И все-таки как не отдать должного памяти и способностям Севы?! Прочитав на обрывке газеты какую-то этически-критическую литературную статью, Сева моментально запомнил не только термины, но и твердую, как булыжник, концепцию автора. Хотя сам бедный автор трудился над ней столь долго, что в конце работы забывал, о чем писал в начале.
— Ладно, Севка, давай еще по маленькой! Может, коньячку возьмем?
— Не пью, от него вши заводятся.
— Ну-ка? — искренне изумился друг детства. — С чего бы?
— Пять дней попьешь, а в субботу на баню не хватает, — ответил Сева.
…Солнце опять садилось вкривь и вкось. Встреча с другом не обрадовала. На прохожих было тошно смотреть. Одни и те же мысли струились, как в песочной склянке. И решение пришло неожиданно:
«Пойду-ка я на донорский пункт. Просплюсь и пойду, — думал Сева. — Сдам свою первую группу крови. Этого у меня предостаточно. Откуда только и берется? Все-таки товар более дорогой, чем коньяк. Немного, но дороже».
«Неисповедимы пути господни», — повторяется автор. — Севе не пришлось идти на донорский пункт. Кто-то придержал его за локоть, как крючком, ручкой зонтика-трости…
— Не спешите, молодой человек. Побеседуем.
— Аншеф? — выдохнул Сева.
— Не надо имен. Не надо. Что это за жизнерадостный тип поил тебя в «Приюте бурлака»?
— Друг детства. Приехал в отпуск. Встретились случайно.
— Друзей детства, встреченных случайно, надо самому угощать. А не пропивать их отпускные и премиальные. Вот тебе пока, в счет взаимных расчетов… Два четвертака были опущены в карман Севы так ловко, что позавидовал бы и старый Роман.
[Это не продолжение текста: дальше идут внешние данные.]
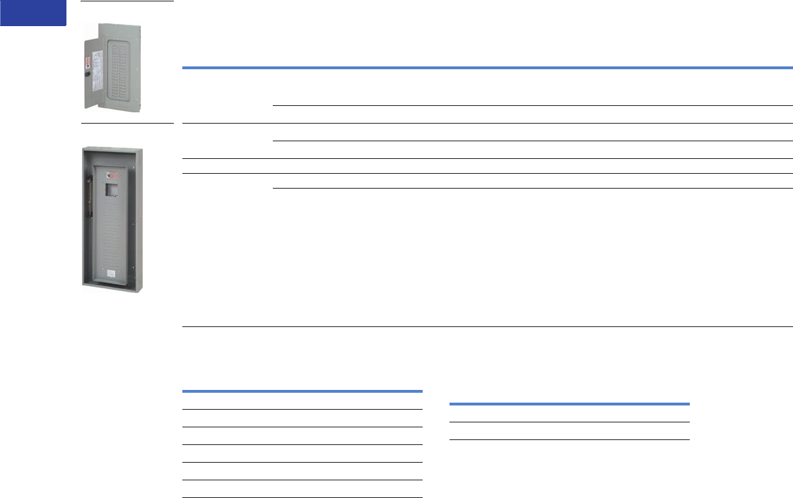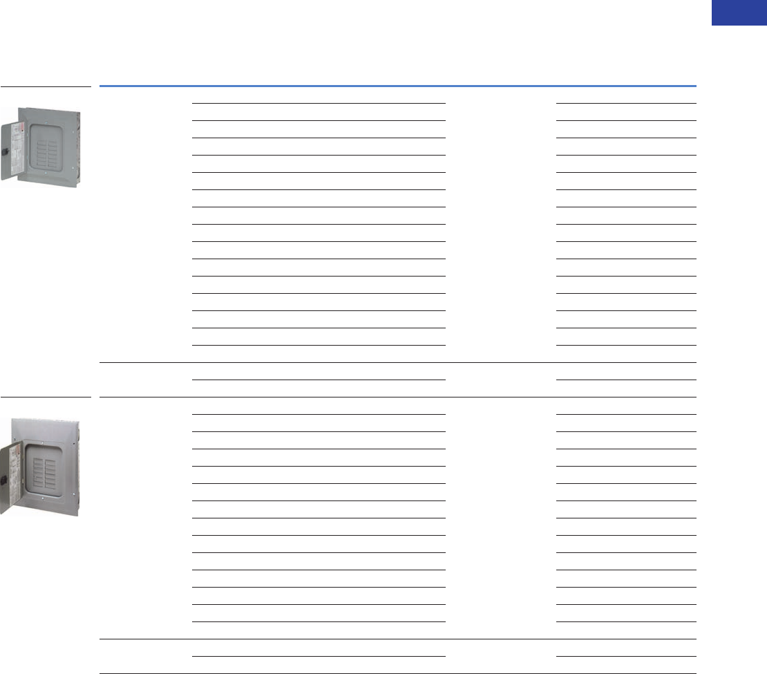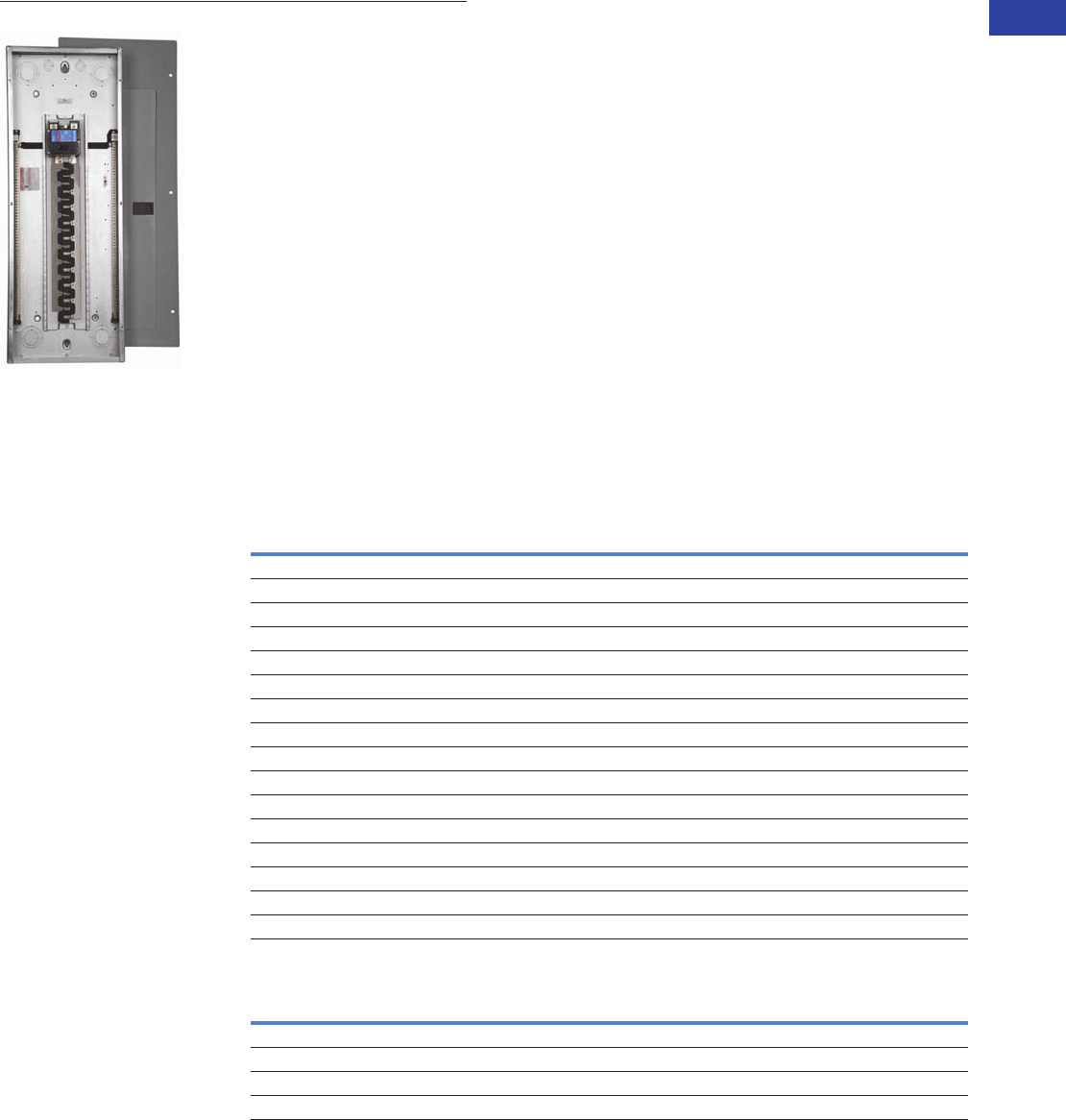 panel is the main circuit breaker rating when used as service entrance equipment. Ground bar kits priced separately. See Page V1-T1-66.
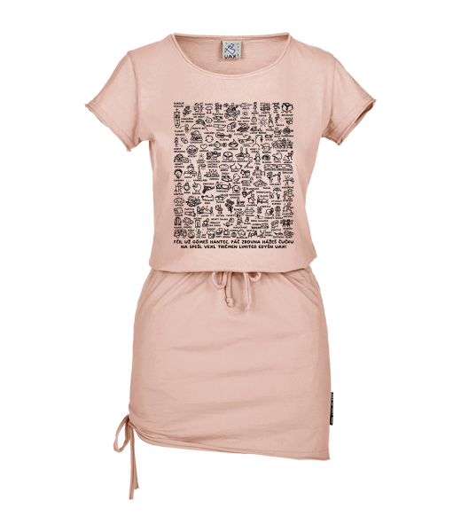 Women's dress URBAN with original prints for woman with design 1261 BRNĚNSKÝ HANTEC in color PEACH
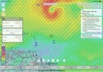 We then downloaded the forecasts from the web, which shows a very large Tropical low, expected to form into a Tropical storm in the next day or so more than 700m N of us. It’s that that accounts for our wind hole.
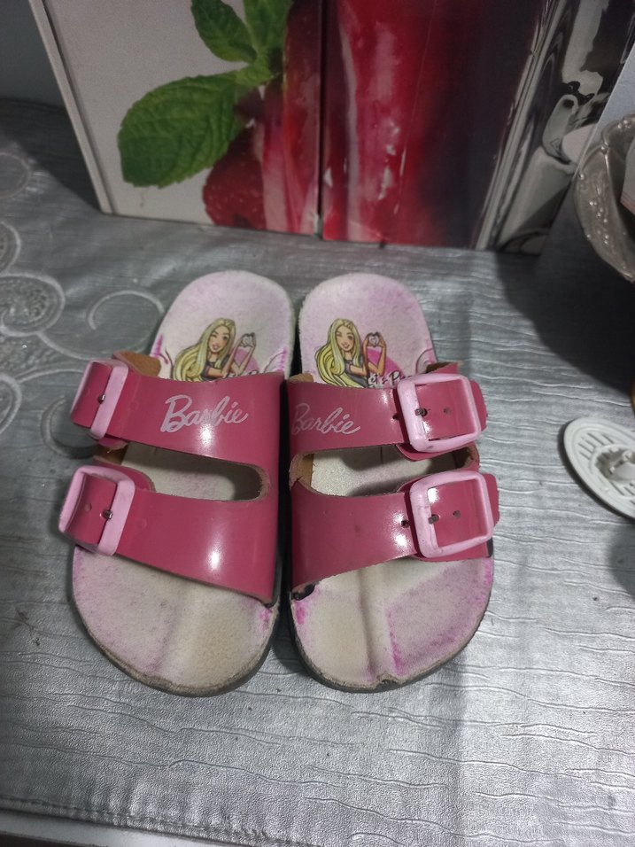 Pembe kauçuk kız terliği, renkli baskılı Barbie deseni ve ayarlanabilir tokalarla bohem, retro tarzı yansıtıyor. profilimden ayakkabı alana hediyemdir
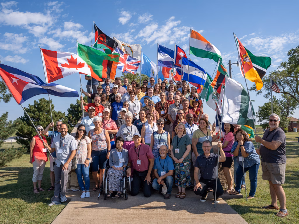 On a hot July morning in Kansas in 2022, nearly 80 men and women gathered under a blue- and white-striped tent to pray, reflect, and celebrate the work of World Missions at the former site of Bethel BIC. Large stone steps are all that remain of the church building, and a graveyard lies around it, quiet in the Kansas hills. International flags representing the countries in which this team serves snapped in the wind, and a drone flew overhead to record the event.

— Квартиру надо делать быстрее! Надо квартиру. Срочно. Не мне. Нам! Это ты понял?
— Понял! — ответил Сева, так и не зная, радоваться ему или сбежать, вернув аванс.
О, доброжелательные силы! Когда вы одержите победу над силами порочными? Сева не обежал. Больше того, вернувшись в свою келью, он прослушал новинку из своей коллекции забытых песен, куплетов, романсов и шансонеток. Еще он листал журнал «Яхты и спортивные суда», лизал самый дорогой пломбир и проникался утонченнейшим смыслом сочинений безымянного поэта: «А я с поручиком-кутилой сигареточки курила, разговоры говорила, но, к счастью, я уже не девушка была…»
После слов: «Я заняла привычки эти от маман…» — Сева выключил магнитофон и уснул спокойно и блаженно, как Чичиков после удачной сделки.
«Люди, даром бременящие землю, — говаривал Собакевич, — бессонницей не страдают».
Кривляясь, рыдали, паясничали и умоляли рожи: перемигивали Демаш и Мозель, потешались Бим и Бом, сомкнув стрельчатые брови, хохотал Виталий Лазаренко, катил на зеленой свинье старик Дуров, корчился от очередного апача[13]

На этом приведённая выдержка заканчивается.